Despite the prevalence of concussions, early detection remains a diagnostic challenge. Why? Because most individuals with concussions don’t display problms which can be detected by brain imaging or traditional mental state examination. Unfortunately, early detection is critical—otherwise, continued activity can worsen the injury, often irreversibly. But early detection of concussion doesn’t have to be missed.

BrainCheck

The BrainCheck battery of rapid, interactive tests quickly harvests twelve performance measures that correlate with concussion. Our proprietary scoring system weighs the results to give a recommendation for return-to-play in the form of a green, yellow, or red light. Our expertise in making the tests rapid and simple maximizes the ease of operator use, and the short duration of the test allows it to be used on the sidelines during games. We’ve baked catch-trials into the tests to preclude the possibility of cheating.

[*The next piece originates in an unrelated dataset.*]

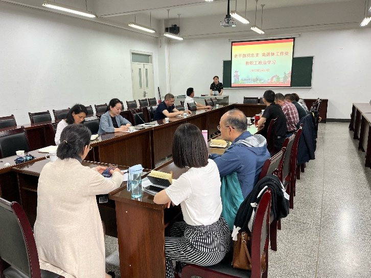 5月13日下午,老干部党总支、离退休工作处在文华活动中心309会议室组织开展了第7期教职工政治学习。会议由老干部党总支副书记兼离退休工作处副处长罗梅主持,全体教职工参加了学习。

With all these pieces in place, BrainCheck provides coaches and clinicians with the critical information they need to optimize return-to-play decisions. Athletic teams from youth sports through professional need a solution that is comprehensive, fast, and portable. BrainCheck seeks to checks all those boxes, giving medical professionals the information they need to detect problems, track symptoms, and manage long term conditions.

To bring this company to fruition, I have worked with a talented team.  Please check out the BrainCheck website and let us know what you think.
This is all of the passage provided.